- ABOUT THIS EXERCISE: Lines from the one containing "Aktuelles (26.01.2026): Post" to the end of the records, both ends included and exactly as written, are the whole answer, and no pictures go in it.

Source records:
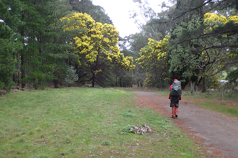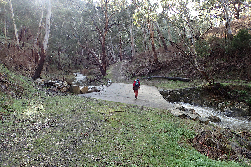 Big event today was Cudlee Creek which feels like you read about it a lot. The walking was pretty tough with some strange road walking along the shoulders of bitumen roads which felt like lazy trail planning and unsafe, particularly arriving in Cudlee Creek itself. You come into the settlement along a bush path and that leads you to think you will have a pedestrian bridge over the creek, but in fact the trail takes you onto to the bitumen road and has you cross the creek on the road bridge which is on a blind bend and has no - ZERO - shoulder. We are cycle tourists and used to being squeezed to the edges of things, but even we felt very unsafe in this situation. You have to walk a few 100 metres and the speed limit might be 60 km and hour or more. If two vehicles came in opposite directions at once it could be dangerous. If a car came along towing a caravan in might be deadly. It is a very, very poor show by the "designer" of the trail. I use that term loosely. Anyway, we survived and the walk wound very prettily along the creek where we started to see the glorious blooms of cold weather plants that the Adelaide Hills are known for. We had our meal at Grandad's Camp and made our way to Kangaroo Creek where we would camp. We met a nortbound thruhiker from Queensland who complained about the cold weather and the amount of time the trail spent in farmlands. We were able to tell her that she would probably be able to fit into the tiny cubby house at Grandad's Camp and get out of the rain, however we sort of fell silent about the paddocks. If she didn't like them by now, she was in for a rude awakening. We enjoyed our campsite at Kangaroo Creek. We cannot believe the amount of water around, it is just running everywhere!
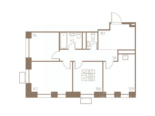 Вместе с квартирой, за дополнительную плату возможно приобрести кладовое помещение 5м2, в -1 этаже.
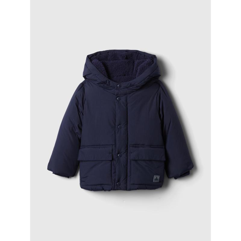 Hladká středně těžká voděodolná prošívaná bunda s hřejivou sherpa podšívkou.Klasický límec.Dlouhé rukávy s žebrovanými manžetami.Zapínání na druky s ukrytým zipem pro čistý a bezpečný vzhled.Přední kapsy pro uložení drobností.Sherpa podšívka poskytuje teplo a pohodlí.Vnější vrstva bundy je vyrobena ze 100% recyklovaného nylonu, což snižuje spotřebu zdrojů a produkci odpadu.Vyrobena s 100% PrimaLoft® P.U.R.E.™ výplní, která při výrobě produkuje o 50 % méně emisí uhlíku oproti běžným metodám.Rovný, pohodlný střih.Bunda končí na úrovni boků. 100 % recyklovaný nylon
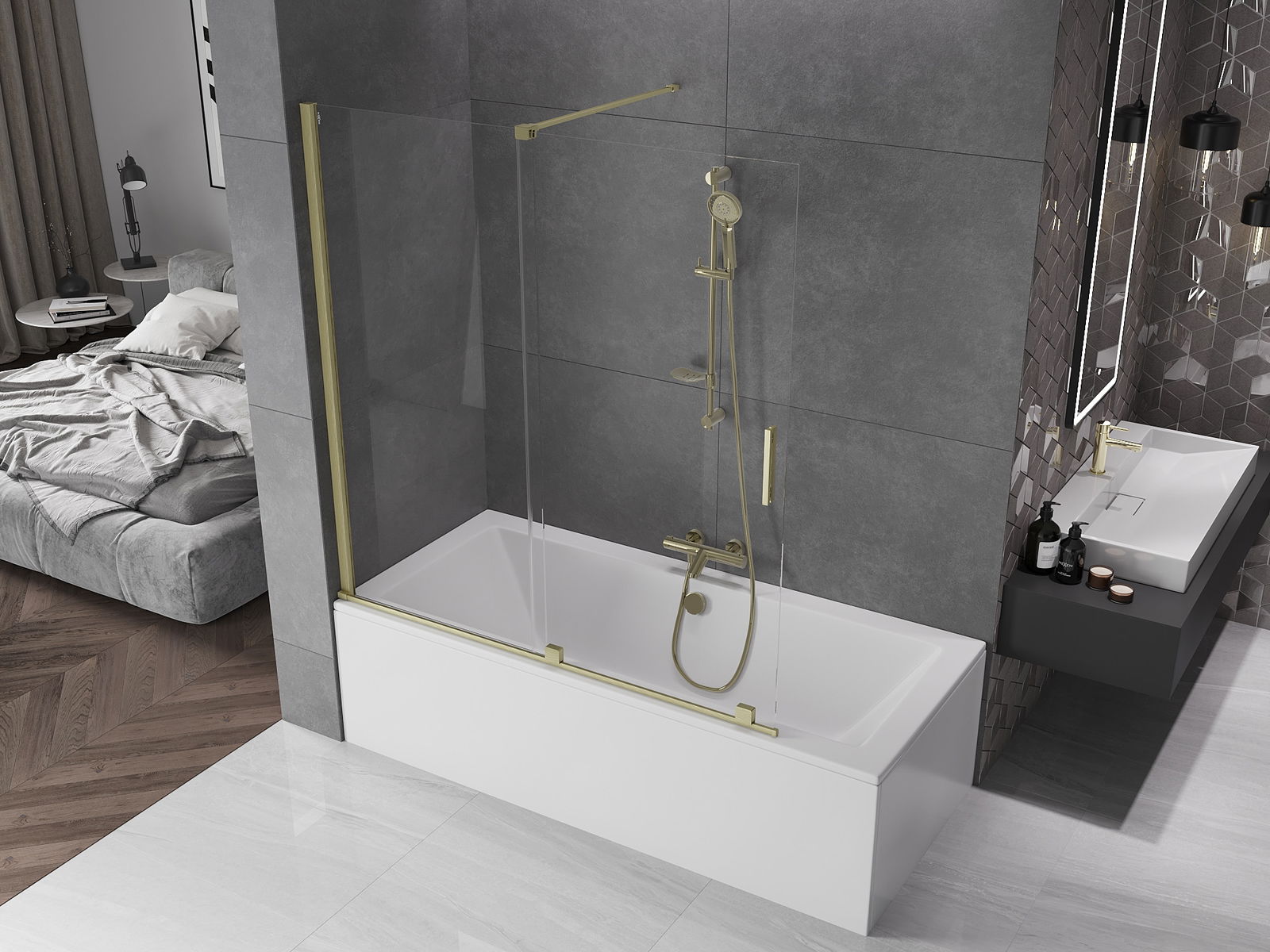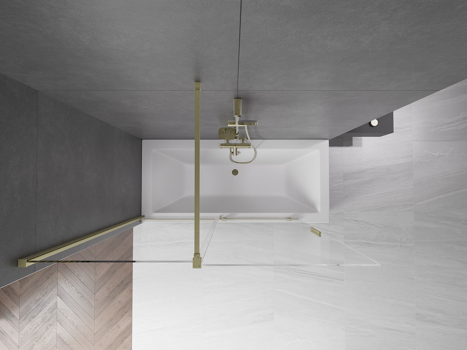 Mexen Velar 2-szárnyú tolható fürdőparaván 150 x 150 cm, átlátszó, matt arany - 896-150-000-01-55
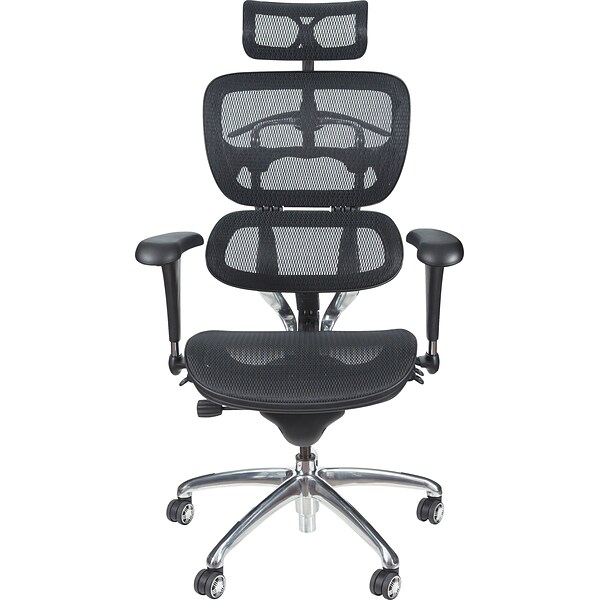 Combining an impressive array of ergonomic features with a modern and elegant design, the Balt Butterfly ergonomic executive office chair gives you total control over your seating experience at an unbeatable price point. It is engineered to support the body in all-day comfort and provide an ergonomic fit for a wide spectrum of body types. The Balt executive office chair's stylish and breathable split-panel mesh back includes angle adjustment, tilt-lock in three positions and tilt tension control. It i s contoured to provide optimum and natural lumbar support. The chair can easily adjust the breathable mesh seat depth with the seat glide control. The curved headrest pivots to give correct neck support whether upright or reclining. This ergonomic office e chair's arm rests pivot and are height adjustable (3") to work with a variety of work spaces, positions, and activities. The back also features a convenient built-in coat or jacket hanger. The Balt office chair includes a durable 5-star base with dual -wheel casters for smooth mobility. The optional tablet arm accessory adds more functionality. The push button adjustment of arm joints locks in your desired positioning.
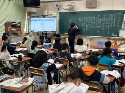 国語は熟語で、上の漢字が下の漢字の意味を打ち消しているものを学習しました。無、不、未が打ち消しの漢字です。思いつく漢字をたくさん発表していました。
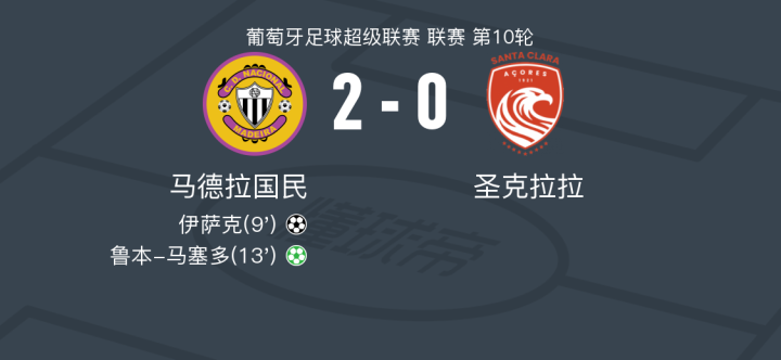马德拉国民2-0圣克拉拉,伊萨克建功,鲁本-马塞多锁定胜局
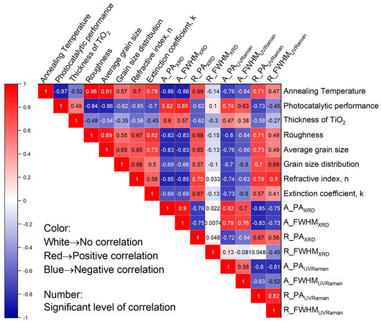 All parameters influencing the photocatalytic performance were quantified and related to each other using a correlation matrix. This matrix provided an overview of the annealing temperature’s effect on the photocatalytic performance of titanium dioxide.
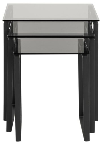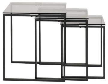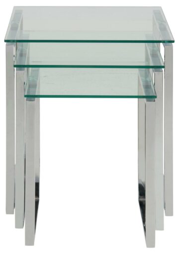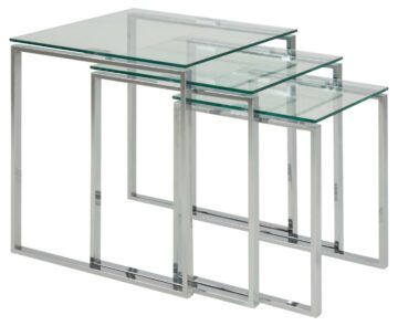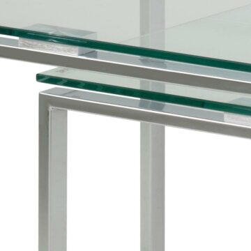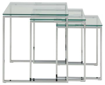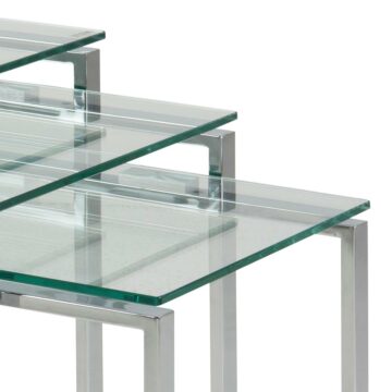Steklena klubska mizica Katrine je set treh modernih steklenih klubskih mizic. Izbirate lahko med klasiko – prozorna steklena površina (8 mm) s kromiranim podnožjem in med sodobno verzijo – črna steklena površina (8 mm) s kovinskim podnožjem obarvanim v črno barvo.
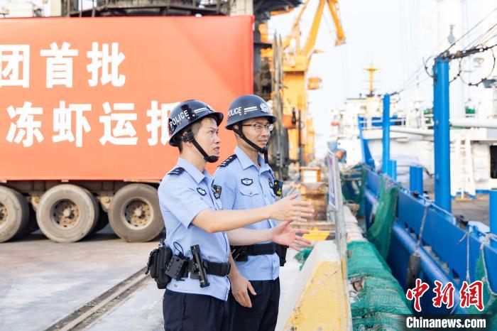 中印尼“兩國雙園”國際貨運(yùn)航線首航,福清邊檢站民警在執(zhí)勤中。王朔攝
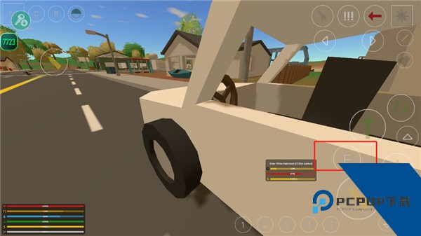 3、进入游戏后,我们可以探索周围建筑,寻找你想要的资源,碰到可以拾取的东西,它会显示出来,玩家点击f即可拾取;
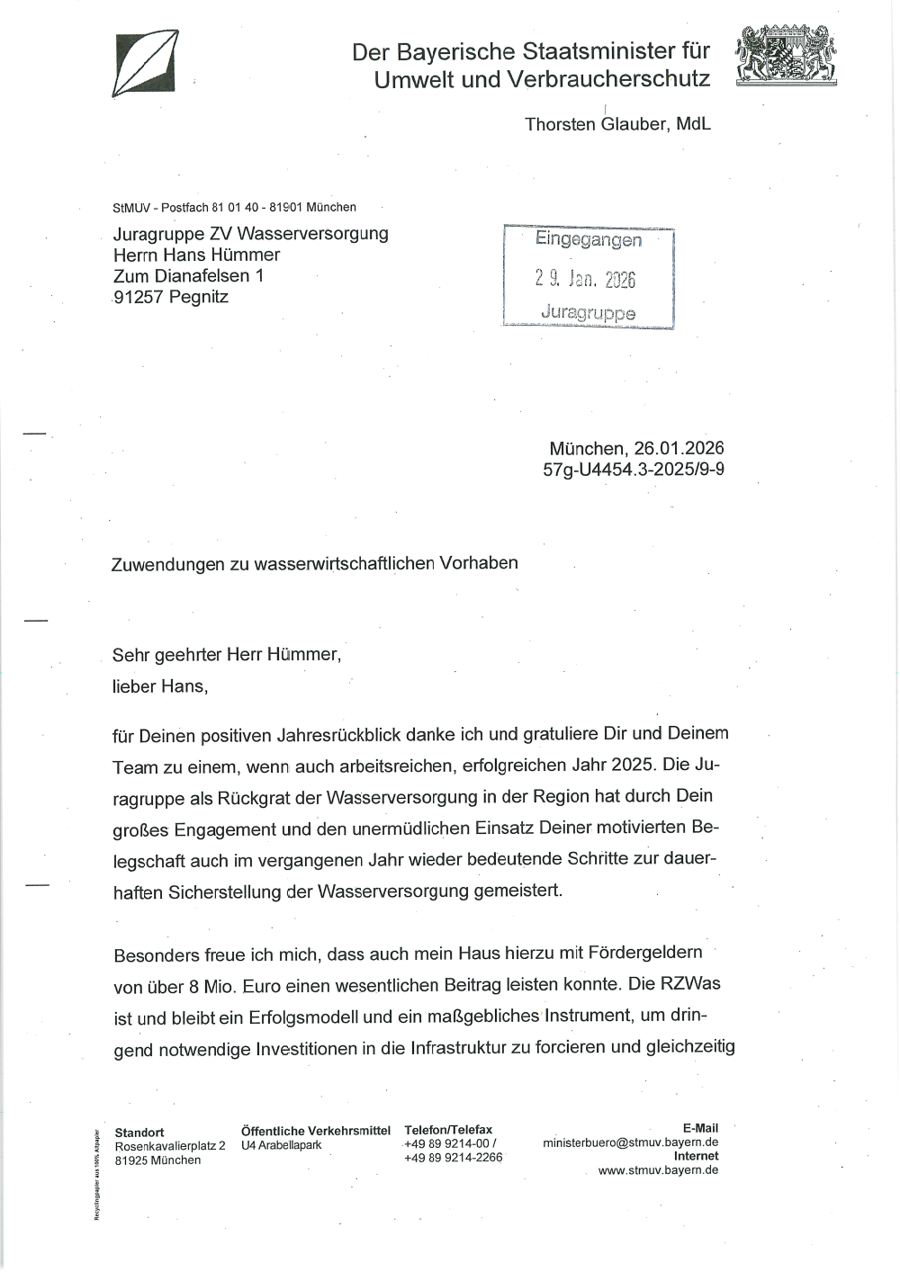 Aktuelles (26.01.2026): Post aus dem Staatsministerium: Staatsminister Thorsten dankt der Juragruppe < Zurück zum Überblick > Aktuelles
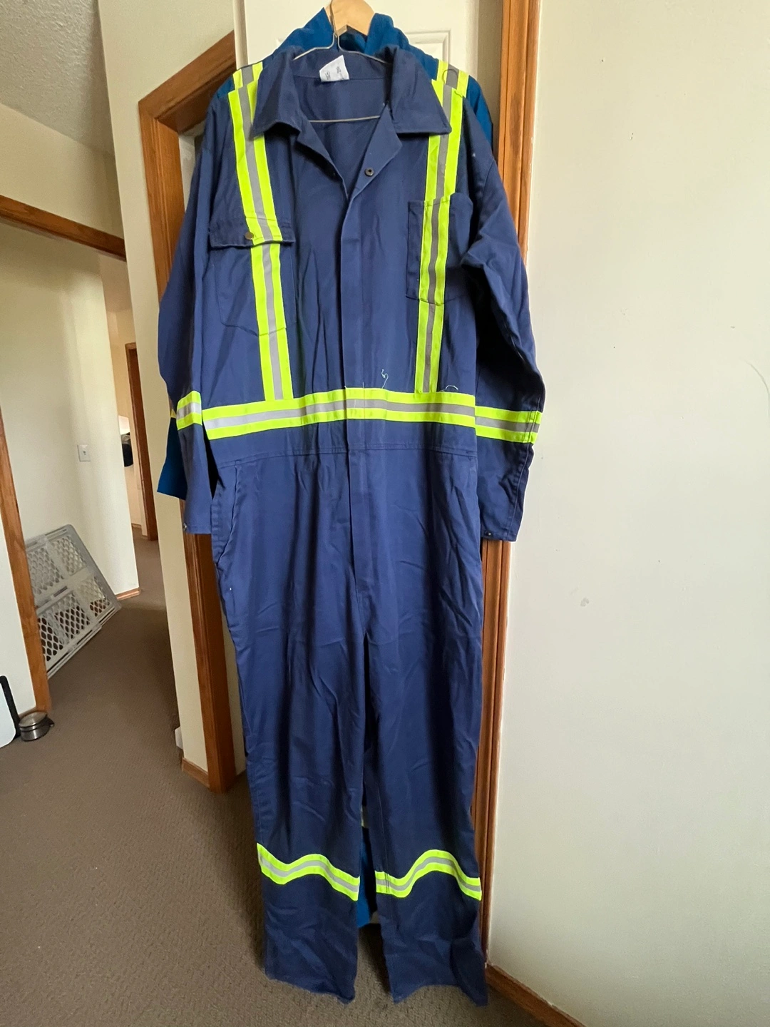 71Durable navy blue work coveralls. Features reflective tape for increased visibility. Multiple pockets. Good used condition.

- TASK RESULT:
 Aktuelles (26.01.2026): Post aus dem Staatsministerium: Staatsminister Thorsten dankt der Juragruppe < Zurück zum Überblick > Aktuelles
 71Durable navy blue work coveralls. Features reflective tape for increased visibility. Multiple pockets. Good used condition.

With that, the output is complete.